Der zweite Timotheusbrief – Vers für Vers: Gottes Wort für dich.
Ich brauche eine Auszeit. Deshalb bekommt ihr in den nächsten Wochen eine ganz neue Reihe von mir zum zweiten Timotheusbrief.
Mein Name ist Jürgen Fischer. Ich wünsche euch beim Zuhören Gottes Segen und viele hilfreiche geistliche Impulse für euer Leben.
Du brauchst eine Methode, die funktioniert, damit das, was du hörst, in deinem Leben ankommt. Das ist wichtig, weil das Leben einfach mit unglaublichen Herausforderungen verbunden ist.
Paulus’ Einsamkeit und die Abwendung der Freunde
Wir machen hier weiter mit 2. Timotheus 1,15. Dort heißt es: „Du weißt, dass alle, die in Asien sind, sich von mir abgewandt haben.“
Jetzt folgt also eine Liste von Menschen. Paulus sagt hier, dass er im Gefängnis sitzt und Timotheus weiß, dass alle, die in der Provinz Asien leben – die Hauptstadt ist Ephesus – sich von ihm abgewandt haben.
Timotheus, du weißt, dass alle, die in Asien sind, sich von mir abgewandt haben. Dabei ist „alle“ nicht mathematisch zu verstehen. Paulus sitzt im Gefängnis und ist einfach nur frustriert. „Alle“ meint hier alle, auf die es ihm ankommt, von denen er es nicht erwartet hätte. Er dachte, das seien seine Freunde, doch sie sind weg. Unter ihnen sind Phygelus und Hermogenes.
Ja, es gibt auch andere. Zum Beispiel Onisiphorus. „Der Herr gebe dem Haus des Onisiphorus Barmherzigkeit, denn er hat mich oft erquickt und sich meiner Ketten nicht geschämt.“
Die einen sind weg, die anderen sind da.

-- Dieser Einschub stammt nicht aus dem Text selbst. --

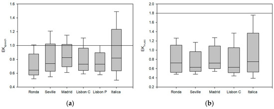 Figure 12 shows the statistical data for the results of the echo criterion parameter (EK) for speech and music in the cases studied. For these calculations, the voice-source positions indicated in Section 3 and receivers in the audience area (segments of stalls, grandstands, boxes, etc.) are considered, as are those for the sound source of a musical nature and receivers in the audience area. From this figure it can be observed that, in the Ronda and Lisbon P (partially open oculus) configurations, all the sample data lie below the critical threshold, and for Seville, Madrid, and Lisbon C (closed oculus), the upper limit of 99% confidence interval is below or near the critical threshold. Only in the Italica amphitheatre do the data exceed this limit. Figure 12a also shows the similarity of the results in the Lisbon bullring in the two roof configurations. As for the EK for music, all the results, even for the Italica amphitheatre, are below the echo risk threshold, and, in the case of the bullrings, the results are far below this echo risk threshold. While these data indicate how these spaces behave with respect to echo problems in the spectator area, it remains necessary to analyse the timing of these strong reflections and their connection to impulse responses; this is carried out in the following sections.
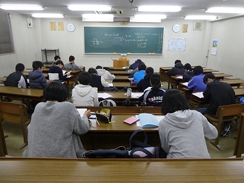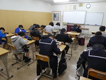 新中1の単語テスト,Aクラス前回は全員満点だったのに,今回は2名脱落~!(写真はAB合同国語)304教室。以前は固定机でした。
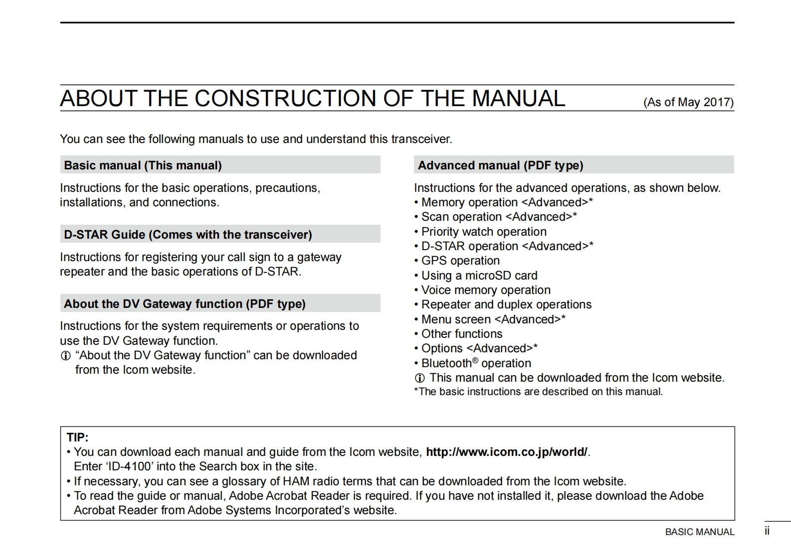 COMBASIC MANUALDUAL BAND TRANSCEIVERID-4100A回回-4100EKirkland (IA)443.575N7IHBThis device complies with Part 15 of the FCC rules.Operation issubject to the following two conditions:(1)This device may not causeharmful interference,and(2)this device must accept any interferencereceived,including interference that may cause undesired operation.WARNING:MODIFICATION OF THIS DEVICE TO RECEIVE CEL-LULAR RADIOTELEPHONE SERVICE SIGNALS IS PROHIBITEDUNDER FCC RULES AND FEDERAL LAW.Icom Inc.
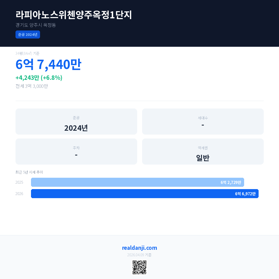 라피아노스위첸양주옥정1단지 국민평형 기준 2026년 평균 거래가는 6억 6,972만으로, 전년 대비 6.8% 상승 했습니다.
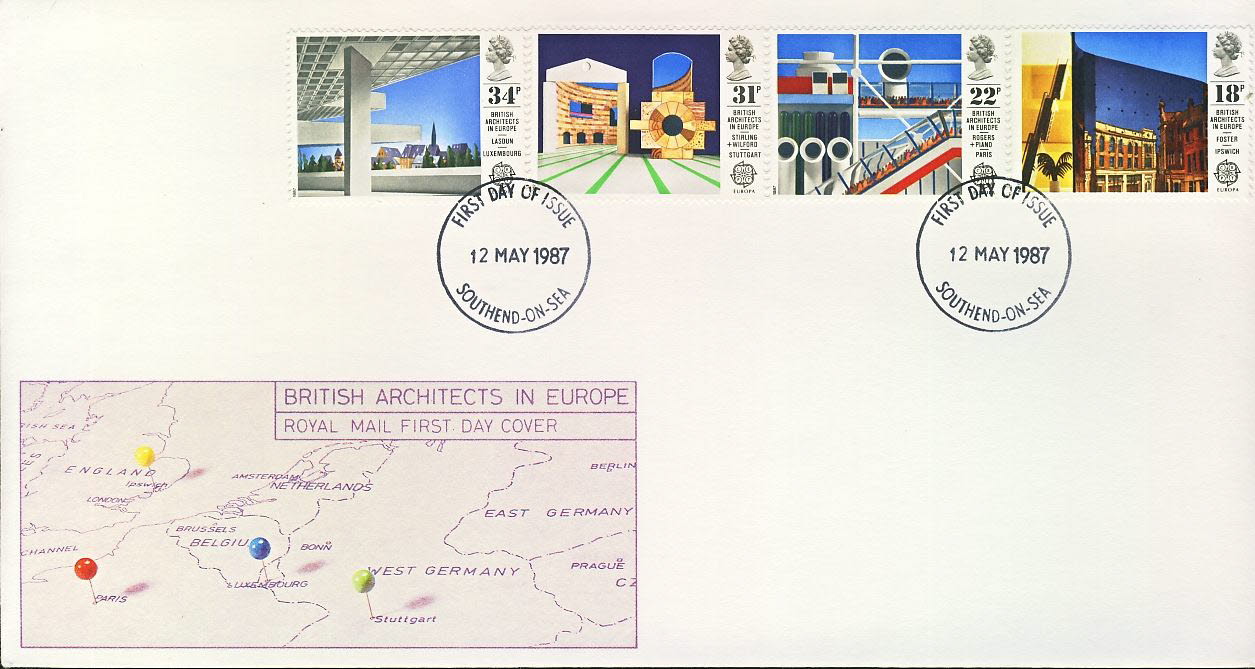 1987-05-12 British Architects in Europe Stamps FDC SOUTHEND-ON-SEA fdi refcd437
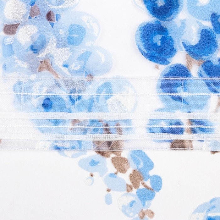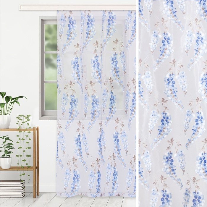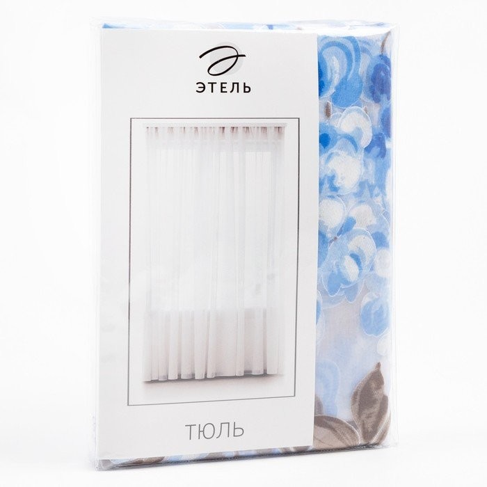 Тюль «Этель"Виноградная лоза (синий) б/ утяжелителя, ширина 140 см, высота 250 см

Und Onisiphorus ist besonders klasse.
Onisiphorus als Vorbild treuen Dienstes
Vers 17: Als Paulus in Rom war, suchte Onisiphorus ihn eifrig und fand ihn.
Dies ist der einzige Vers, aus dem wir wissen, dass Paulus sich gerade in Rom befindet, dort in Gefangenschaft. Onisiphorus scheint extra nach Rom gereist zu sein, um sich um Paulus zu kümmern.
Bei den ersten Christen war das ein sehr wichtiger Punkt: Gefangene mussten besucht und versorgt werden. Ein Gefängnis in der Antike bot keine Rundumbetreuung. Man konnte dort einfach sterben, wenn sich niemand um einen kümmerte. Paulus brauchte also Menschen, die den Mut hatten, ihn aufzusuchen.
Hier heißt es: „Suchte er mich eifrig und fand mich.“ Das zeigt einen ganz anderen Zustand als am Ende der Apostelgeschichte, wo Paulus sich im Hausarrest befindet. Hier ist er wirklich eingekerkert. Er schämt sich nicht für seine Ketten und seine Gefangenschaft.
Schon wieder taucht das Thema Scham auf. Paulus schämt sich nicht, Timotheus soll sich nicht schämen, Onisiphorus schämt sich ebenfalls nicht. Diejenigen, die sich abgewandt haben, schämen sich wahrscheinlich schon.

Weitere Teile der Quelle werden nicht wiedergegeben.